Those expecting the markets to offer clear, decisive answers are destined for frustration. At times markets react to events in rational ways, but often they seek to frustrate us at every turn. Consider the movement of the Dow Jones Industrial Average (Dow) since January. Weakness early in the year led to a sharp decline (red line) as people feared the economy was descending into the abyss. Just as quickly, the market determined this view was incorrect and a sharp rally (black line) completed a classic V-shaped rebound. As this process was unfolding, economic and company-specific information dictated the ebb and flow of prices.

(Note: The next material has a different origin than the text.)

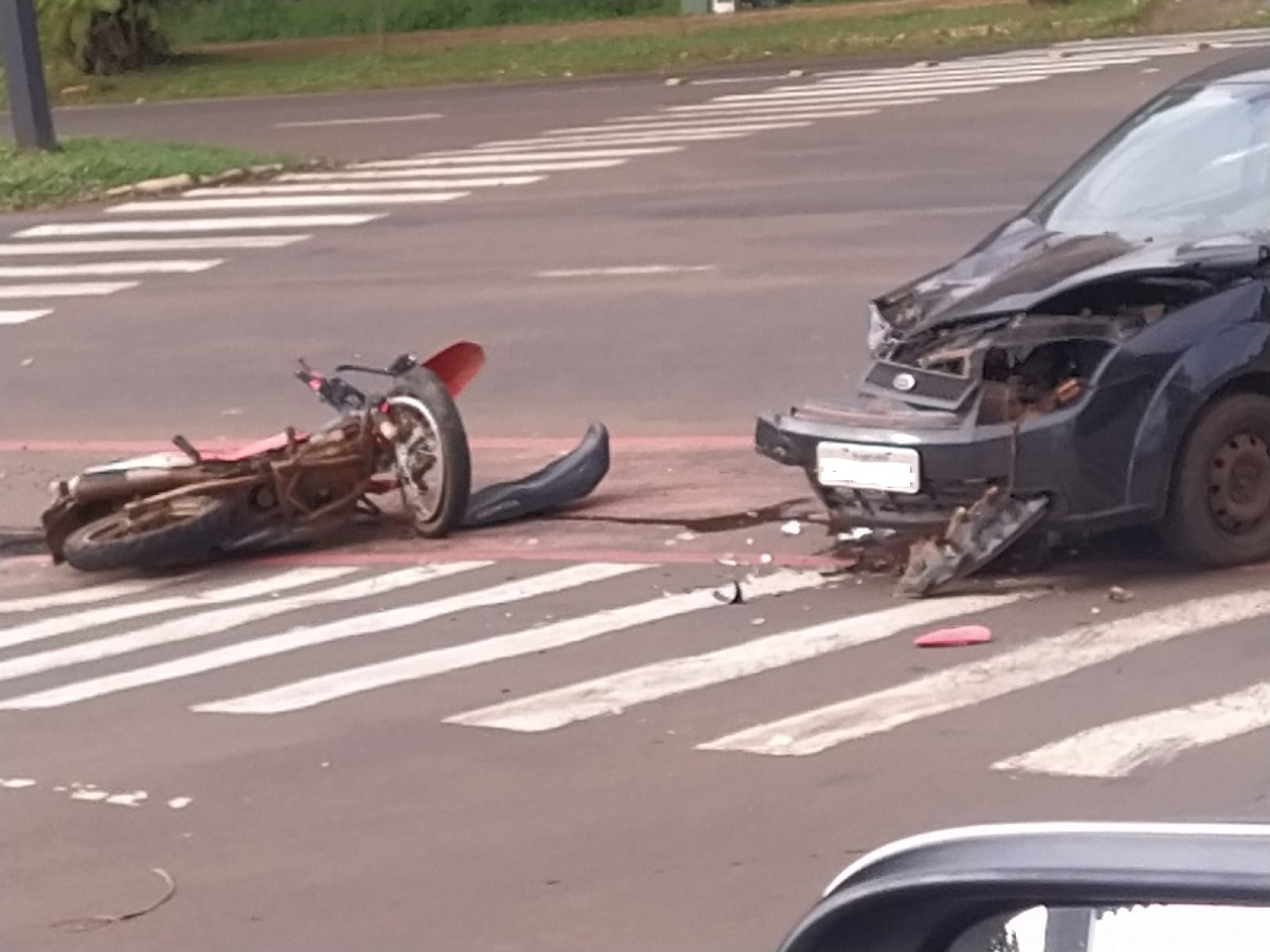 Na manhã deste domingo, 28, por volta de 10h55, ocorreu um acidente de trânsito do tipo colisão envolvendo um veículo Ford Fiesta e uma motocicleta, no semáforo de acesso ao Bairro Central em Santa Rosa.

Since the Dow topped out nearly three weeks ago at 8,575 (black arrow), less concern has been paid to news and more to the market’s technical patterns. Recently, prices have bounced in a tight trading range (black dotted lines). As I mentioned on my recent appearance on Canada’s Business News Network, the rising 50-day moving average (MA) and falling 200-day MA are setting up a key inflection point. Just as a coil that gets compressed for too long will eventually spring loose, we should expect stock prices to come unbound shortly. If the Dow can rally above both the recent high and the 200-day MA (8,779) we should expect the market to eclipse 9,000 as the rally continues (black box). However, a break below the 50-day MA (8,088) would open the door to 7,400 (red box) with a likely retest of the March low (6,547). Investors will be well served to watch these price points and take action once the trend becomes clear.

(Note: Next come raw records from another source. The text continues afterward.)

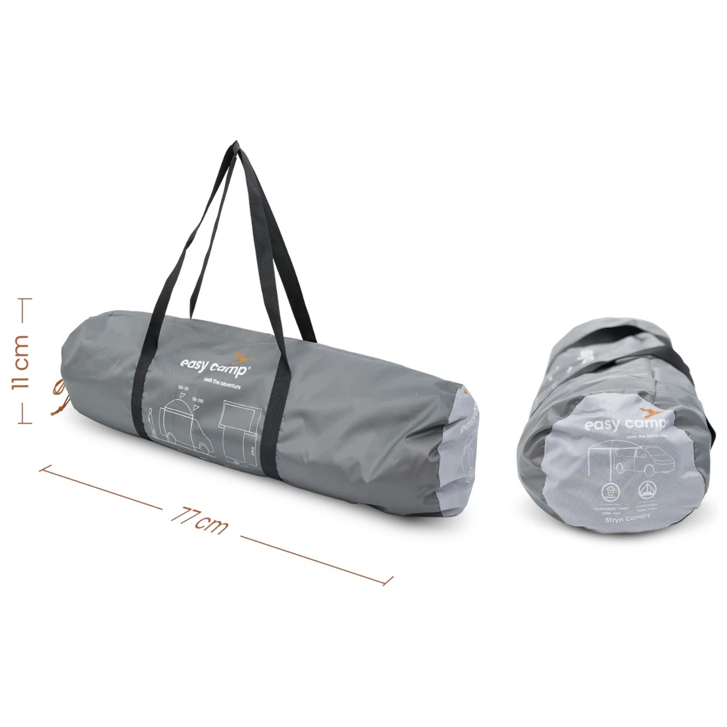 El toldo Stryn Canopy de la marca Easy Camp es una solución universal para ampliar rápidamente el espacio en autocaravanas, furgonetas y caravanas. En poco tiempo, creará un agradable espacio para el descanso, la cocina o para sentarse a la sombra, al tiempo que proporcionará protección contra la lluvia ligera. Es ideal para acampar, para acampar en la naturaleza o para la playa.
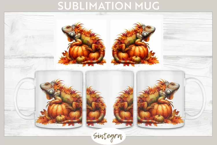Fall Iguana Animal v7 Mug Wrap Sublimation
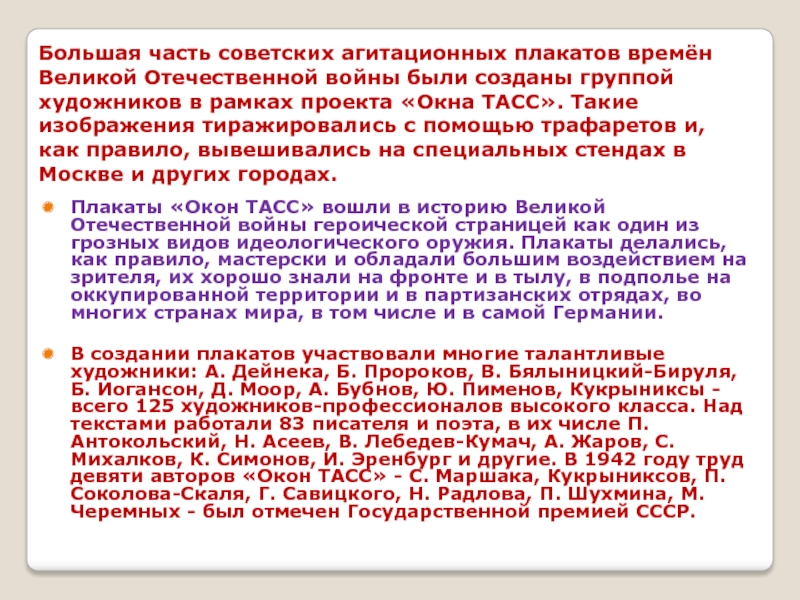 Большая часть советских агитационных плакатов времён Великой Отечественной войны были созданы группой художников в рамках проекта «Окна ТАСС». Такие изображения тиражировались с помощью трафаретов и, как правило, вывешивались на специальных стендах в Москве и других городах.

Monday looks to offer an important test of the trading range. Pre-market futures are above the recent high. If that strength maintains, we will see the topside of the range violated and higher prices lie ahead. Were the initial strength to fade, the reversal would be bearish and the future uncertain. Facing a week which features important economic data, we should receive an answer to this question in the near future.